蒺藜苜蓿中GRAS家族基因的全基因组特征揭示了它们的进化动态和功能多样化。

Genome-wide characterization of GRAS family genes in Medicago truncatula reveals their evolutionary dynamics and functional diversification.

作者信息

Zhang Hailing, Cao Yingping, Shang Chen, Li Jikai, Wang Jianli, Wu Zhenying, Ma Lichao, Qi Tianxiong, Fu Chunxiang, Bai Zetao, Hu Baozhong

机构信息

College of Life Science, Northeast Agricultural University, Harbin, China.

Pratacultural Sciences Institute of Heilongjiang Academy of Agricultural Sciences, Harbin, Heilongjiang, China.

出版信息

PLoS One. 2017 Sep 25;12(9):e0185439. doi: 10.1371/journal.pone.0185439. eCollection 2017.

DOI:10.1371/journal.pone.0185439

PMID:28945786

原文链接:https://pmc.ncbi.nlm.nih.gov/articles/PMC5612761/

Abstract

The GRAS gene family is a large plant-specific family of transcription factors that are involved in diverse processes during plant development. Medicago truncatula is an ideal model plant for genetic research in legumes, and specifically for studying nodulation, which is crucial for nitrogen fixation. In this study, 59 MtGRAS genes were identified and classified into eight distinct subgroups based on phylogenetic relationships.
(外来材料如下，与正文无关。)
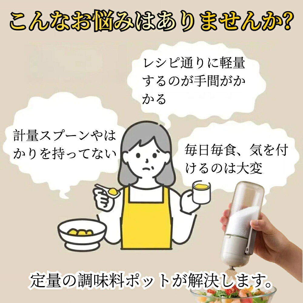 商品詳細商品内容定量調味料ポットx1商品説明【定量調味料ポット】この調味料ポットではグリップを一回押すことで0.5g調味料が出ます。塩分、糖分控えめに役に立ちます。より健康な生活へ過ごしましょう。【斜め蓋設計】斜め蓋設計により調味料を平均的撒き散らします、水蒸気が入りにくく、調味料の塊りを避ける事が可能。新しい環境に合わせて、暮らしをもっと快適に。【片手操作の便利さ】片手で操作可能なデザインが特徴で、料理中に他の作業をしながらでも簡単に調味料を加えることができます。これにより、キッチンでの作業効率が向上します。【透き通ったガラス&洗いやすい】コンパクトで可愛いガラスの透明度が高くて、容器の外から見るとどんな調味料が入っているのかがわかります。洗いやすくてお湯で消毒するもでき、いつでも清潔に保ちます。【幅広い調味料に対応可能】塩、コショウ、スパイス、砂糖など様々な調味料に対応しており、その使用は非常に広範囲です。シンプルかつモダンなデザインは、どんなキッチンのインテリアにもよく合い、見た目も美しいです。製品仕様パッケージ内容:定量調味料ポットx1製品仕様:重さ:242g容量:250mlサイズ:約8.5x6x16.5mmボトル:ガラスバネ:ステンレス304ピストン、ハンドル:ABS蓋:PP注意事項【注意事項】1、グリップを一回押すことで必ず0.5gではなくて、調味料の種類によって差があります。(使用前に一度秤で確認してください。2、紹介画像はイメージです。実際の商品とはデザイン、仕様が一部異なる場合がございます。3、商品のパッケージ、デザイン、仕様、外観は改良のため、予告なく変更する場合がありますのでご了承ください。4、モニターの環境等により、色の見え方に若干差が生じる場合がございます。5、環境保護のため、配送途中の衝撃等から守るのに最低限必要と判断した簡易梱包(箱無し)にてお送る事がございます。予めご了承ください。6、寸法は手測りなので若干の誤差(1cm~3cm )がある場合がございますので、予めご了承ください。7、同じ商品でも生産時期により形やサイズ、カラーに多少の誤差が生じる場合もございます。安心保証安心保証付き♪30日間!!品質保証、返品交換OK。・到着日から30日間対応致します。・在庫がある商品に限ります。・袋やタグが無くても対応致します。・イメージ違いによる返品も可。・出荷時・返送時送料はお客様負担となります。キーワード定量調味料ポット 調味料入れ 塩入れ容器 調味料入れ おしゃれ 調味料缶 調味料ケース 調味料ボトル 薬味入れ スパイスボトル 七味入れ 塩 コショウ 砂糖入れ 薬味入れ 調味料ポット キッチン 台所 塩入れ 卓上 七味入れ キッチン用品 プレゼントこの商品を見ている人はこちらもチェック【定量調味料ポット】この調味料ポットではグリップを一回押すことで0.5g調味料が出ます。塩分、糖分控えめに役に立ちます。より健康な生活へ過ごしましょう。【斜め蓋設計】斜め蓋設計により調味料を平均的撒き散らします、水蒸気が入りにくく、調味料の塊りを避ける事が可能。新しい環境に合わせて、暮らしをもっと快適に。【片手操作の便利さ】片手で操作可能なデザインが特徴で、料理中に他の作業をしながらでも簡単に調味料を加えることができます。これにより、キッチンでの作業効率が向上します。【透き通ったガラス&洗いやすい】コンパクトで可愛いガラスの透明度が高くて、容器の外から見るとどんな調味料が入っているのかがわかります。洗いやすくてお湯で消毒するもでき、いつでも清潔に保ちます。【幅広い調味料に対応可能】塩、コショウ、スパイス、砂糖など様々な調味料に対応しており、その使用は非常に広範囲です。シンプルかつモダンなデザインは、どんなキッチンのインテリアにもよく合い、見た目も美しいです。商品詳細商品内容定量調味料ポットx1商品説明【定量調味料ポット】この調味料ポットではグリップを一回押すことで0.5g調味料が出ます。塩分、糖分控えめに役に立ちます。より健康な生活へ過ごしましょう。【斜め蓋設計】斜め蓋設計により調味料を平均的撒き散らします、水蒸気が入りにくく、調味料の塊りを避ける事が可能。新しい環境に合わせて、暮らしをもっと快適に。【片手操作の便利さ】片手で操作可能なデザインが特徴で、料理中に他の作業をしながらでも簡単に調味料を加えることができます。これにより、キッチンでの作業効率が向上します。【透き通ったガラス&洗いやすい】コンパクトで可愛いガラスの透明度が高くて、容器の外から見るとどんな調味料が入っているのかがわかります。洗いやすくてお湯で消毒するもでき、いつでも清潔に保ちます。【幅広い調味料に対応可能】塩、コショウ、スパイス、砂糖など様々な調味料に対応しており、その使用は非常に広範囲です。シンプルかつモダンなデザインは、どんなキッチンのインテリアにもよく合い、見た目も美しいです。製品仕様パッケ
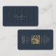 Monogramme scientifique moderne carte de visite en or bleu foncé avec code QR

Motifs located in the C-termini were conserved across the subgroups, while motifs in the N-termini were subfamily specific. Gene duplication was the main evolutionary force for MtGRAS expansion, especially proliferation of the LISCL subgroup. Seventeen duplicated genes showed strong effects of purifying selection and diverse expression patterns, highlighting their functional importance and diversification after duplication. Thirty MtGRAS genes, including NSP1 and NSP2, were preferentially expressed in nodules, indicating possible roles in the process of nodulation. A transcriptome study, combined with gene expression analysis under different stress conditions, suggested potential functions of MtGRAS genes in various biological pathways and stress responses. Taken together, these comprehensive analyses provide basic information for understanding the potential functions of GRAS genes, and will facilitate further discovery of MtGRAS gene functions.

摘要

GRAS基因家族是一个大型的植物特异性转录因子家族，参与植物发育过程中的多种进程。蒺藜苜蓿是豆科植物遗传研究的理想模式植物，尤其适用于研究对固氮至关重要的结瘤作用。在本研究中，共鉴定出59个蒺藜苜蓿GRAS基因，并根据系统发育关系将其分为八个不同的亚组。位于C端的基序在各亚组中保守，而位于N端的基序具有亚家族特异性。基因复制是蒺藜苜蓿GRAS基因扩张的主要进化动力，尤其是LISCL亚组的扩增。17个复制基因表现出强烈的纯化选择效应和多样的表达模式，突出了它们在复制后的功能重要性和多样化。包括NSP1和NSP2在内的30个蒺藜苜蓿GRAS基因在根瘤中优先表达，表明它们在结瘤过程中可能发挥作用。一项转录组研究，结合不同胁迫条件下的基因表达分析，提示了蒺藜苜蓿GRAS基因在各种生物学途径和胁迫反应中的潜在功能。综上所述，这些综合分析为理解GRAS基因的潜在功能提供了基本信息，并将有助于进一步发现蒺藜苜蓿GRAS基因的功能。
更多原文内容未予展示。